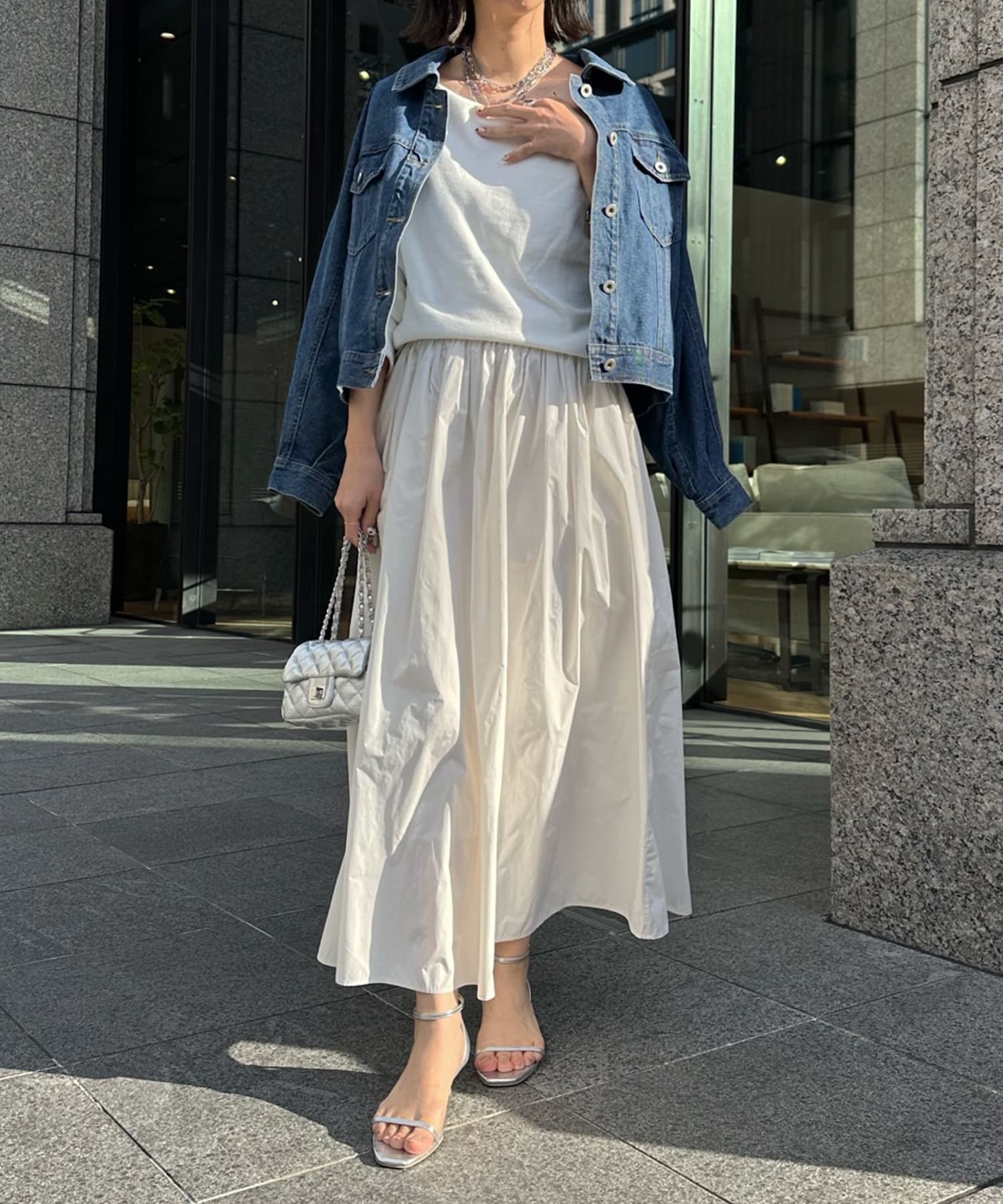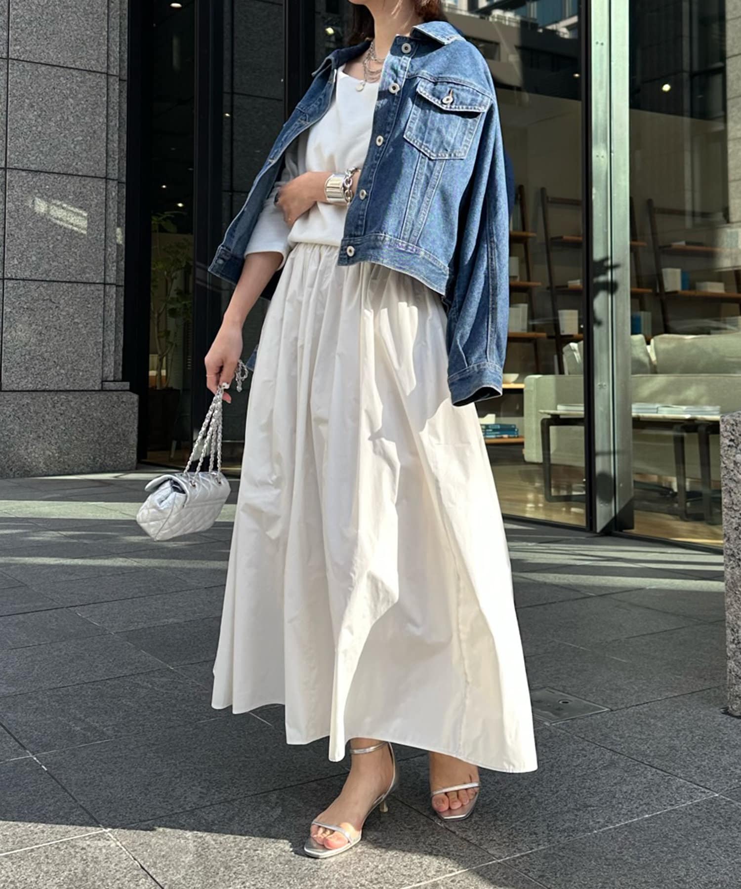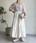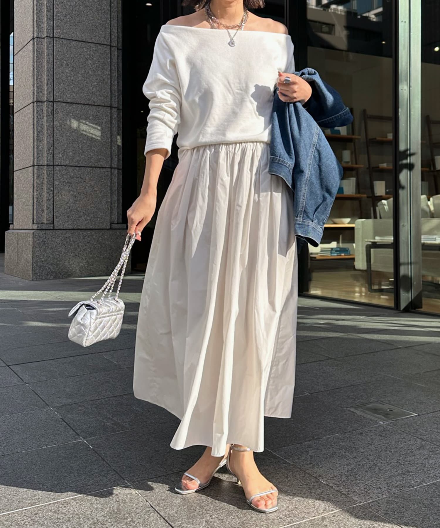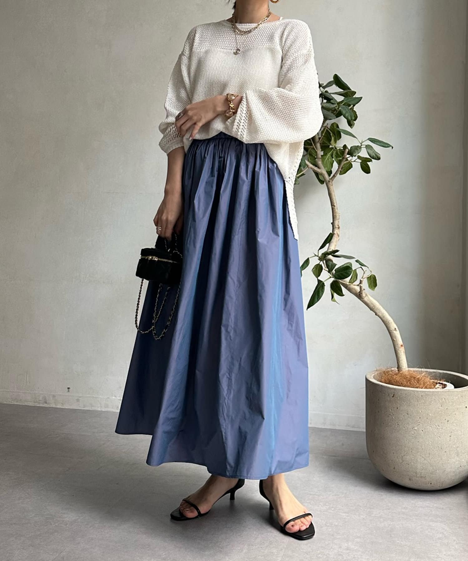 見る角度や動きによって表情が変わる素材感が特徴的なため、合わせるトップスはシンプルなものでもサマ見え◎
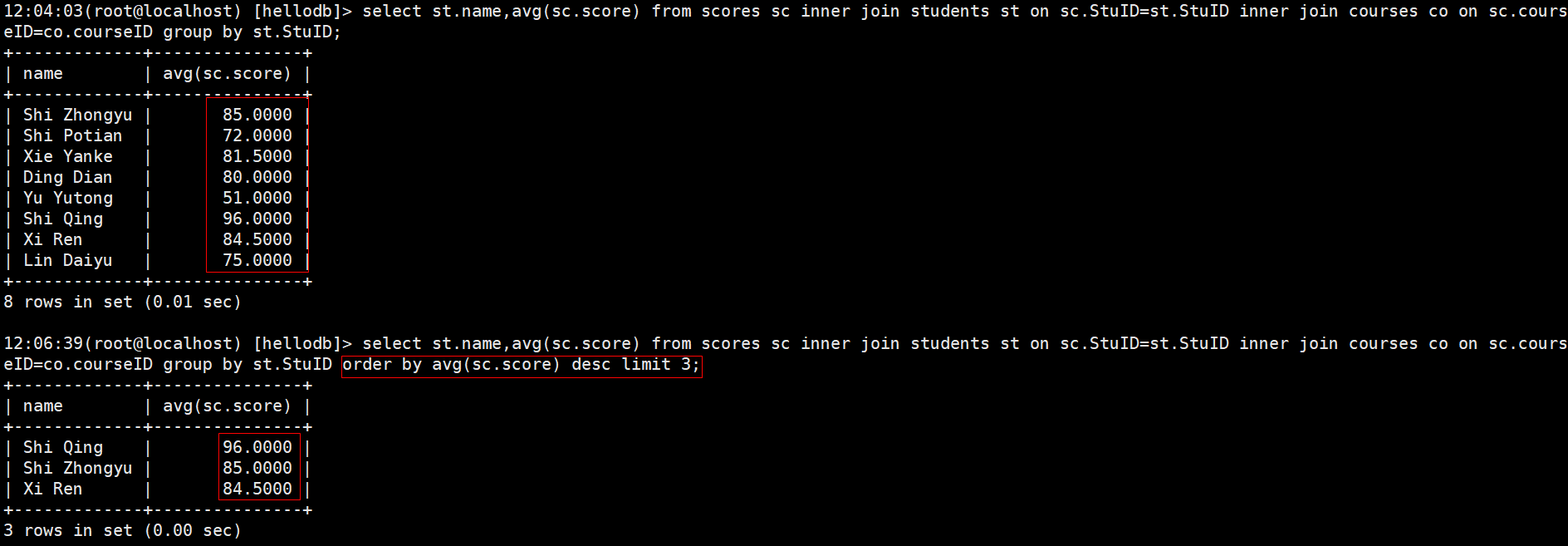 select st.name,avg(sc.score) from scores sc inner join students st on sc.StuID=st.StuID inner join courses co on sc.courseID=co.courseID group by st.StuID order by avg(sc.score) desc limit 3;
* * *
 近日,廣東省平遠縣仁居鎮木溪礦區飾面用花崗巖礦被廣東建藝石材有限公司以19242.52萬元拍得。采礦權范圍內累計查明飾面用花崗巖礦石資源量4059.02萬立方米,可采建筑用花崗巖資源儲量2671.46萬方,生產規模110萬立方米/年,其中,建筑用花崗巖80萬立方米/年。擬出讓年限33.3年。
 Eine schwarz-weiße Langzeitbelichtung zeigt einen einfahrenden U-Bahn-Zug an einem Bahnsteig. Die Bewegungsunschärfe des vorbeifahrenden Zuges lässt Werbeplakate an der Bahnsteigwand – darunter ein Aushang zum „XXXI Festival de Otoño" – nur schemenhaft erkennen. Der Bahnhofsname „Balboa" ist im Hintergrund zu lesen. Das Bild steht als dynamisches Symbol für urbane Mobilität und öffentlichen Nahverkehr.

Problem description:
Taking the entries above, print exactly the lines starting at the line with "近日,廣東省平遠縣仁居鎮木溪" and ending at the line with "Eine schwarz-weiße Langzeitbelichtung", both included.

Result:
 近日,廣東省平遠縣仁居鎮木溪礦區飾面用花崗巖礦被廣東建藝石材有限公司以19242.52萬元拍得。采礦權范圍內累計查明飾面用花崗巖礦石資源量4059.02萬立方米,可采建筑用花崗巖資源儲量2671.46萬方,生產規模110萬立方米/年,其中,建筑用花崗巖80萬立方米/年。擬出讓年限33.3年。
 Eine schwarz-weiße Langzeitbelichtung zeigt einen einfahrenden U-Bahn-Zug an einem Bahnsteig. Die Bewegungsunschärfe des vorbeifahrenden Zuges lässt Werbeplakate an der Bahnsteigwand – darunter ein Aushang zum „XXXI Festival de Otoño" – nur schemenhaft erkennen. Der Bahnhofsname „Balboa" ist im Hintergrund zu lesen. Das Bild steht als dynamisches Symbol für urbane Mobilität und öffentlichen Nahverkehr.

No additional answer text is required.